Third, a counterfactual comparison can be expressed as any function of two predictions. It can be a difference \(Y_{X=1,\mathbf{Z}=\mathbf{z}}-Y_{X=0,\mathbf{Z}=\mathbf{z}}\), a ratio \(\frac{Y_{X=1,\mathbf{Z}=\mathbf{z}}}{Y_{X=0,\mathbf{Z}=\mathbf{z}}}\), the lift \(\frac{Y_{X=1,\mathbf{Z}=\mathbf{z}}-Y_{X=0,\mathbf{Z}=\mathbf{z}}}{Y_{X=0,\mathbf{Z}=\mathbf{z}}}\), or even more complex (and unintelligible) functions like odds ratios.
Importantly, a counterfactual comparison need not be causal. The analyst can give it a purely descriptive or associational interpretation if they wish. Inded, a counterfactual comparison can be seen purely as a measure of the association between changes in \(X\) and \(\hat{Y}\), that is, as the relationship between a model’s inputs and outputs. However, when the conditions for causal identification are satisfied, a counterfactual comparison can be interpreted as a measure of the effect of \(X\) on \(Y\) (see Section 1.1.3).
To sum up, the idea of a counterfactual comparison covers a broad class of quantities of interest, which include many of the most common ways to quantify the association between or the effect of \(X\) on \(Y\): contrasts, differences, risk ratios, lift, etc.
Slopes
The third class of transformations to consider is the slope:
A slope is the partial derivative of the regression equation with respect to a focal predictor.
The slope is the rate at which a model’s predictions change when we modify a focal predictor by a small amount, while keeping other predictors constant.
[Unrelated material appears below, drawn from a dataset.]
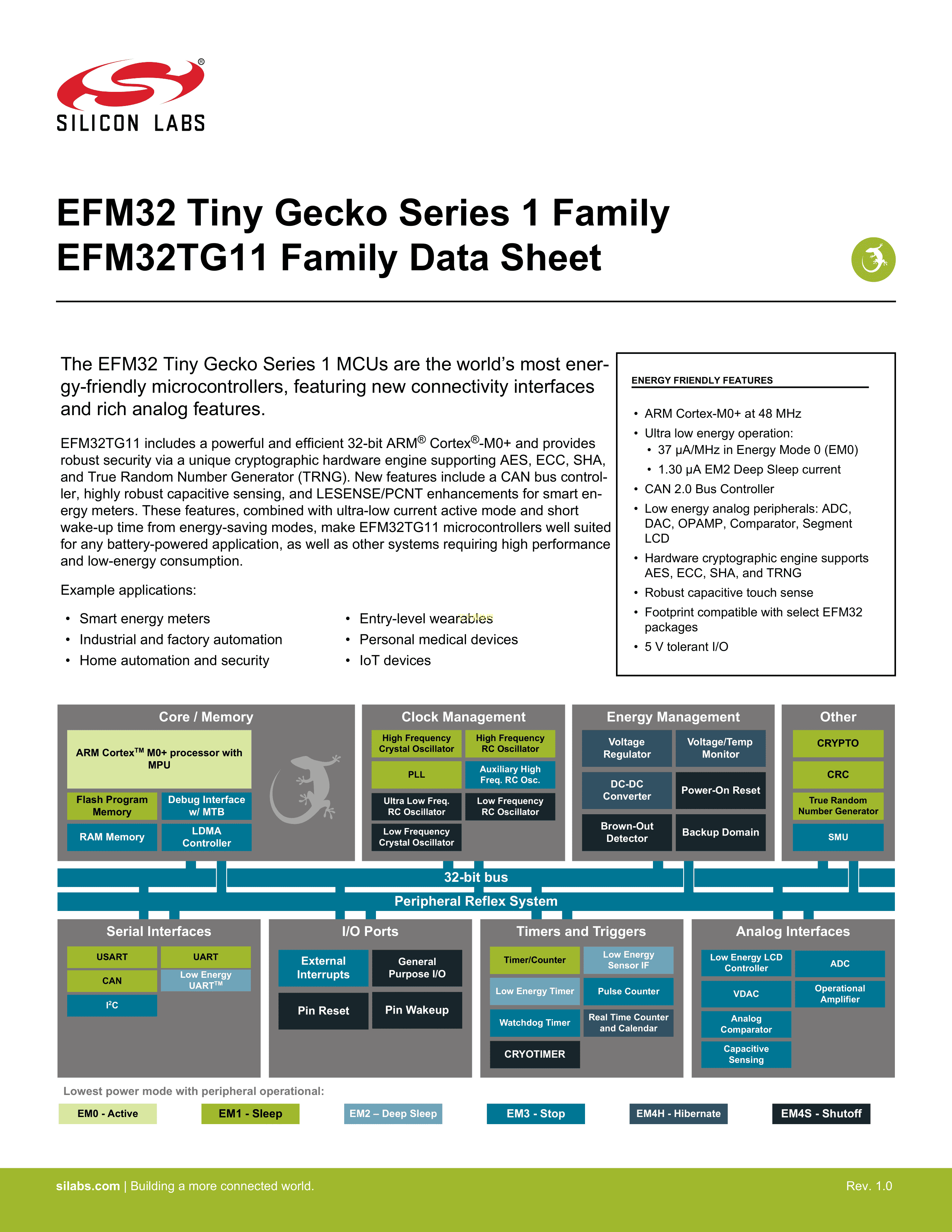 EFM32TG11B340F64IQ64-B数据手册TQFP-64(10x10)封装SILICONLABS(芯科)PDF规格书,中英文下载

It measures the strength of assocation between the outcome variable and a predictor, ceteris paribus. When causal identification conditions are satisfied, the slope will often be interpreted as the effect of a focal predictor \(X\) on outcome \(Y\) (Section 1.1.3).
In some disciplines like economics and political science, slopes are known as “marginal effects,” where the word “marginal” indicates that we are looking at the effect of a very small change in one of the predictors (see Section 1.2 for an attempt to disambiguate). Chapter 7 offers a lot more intuition about the nature of slopes or partial derivatives, and it works through several concrete examples.
3.2 Predictors
Predictions, counterfactual comparisons, and slopes are conditional quantities, which means that their values typically depend on all the predictors in a model.5 Whenever an analyst reports one of these statistics, they must imperatively disclose where it was evaluated in the predictor space. They must answer questions like:
Is the prediction, comparison or slope computed for a 20 year old student in the treatment group, or for a 50 year literary critic in the control group?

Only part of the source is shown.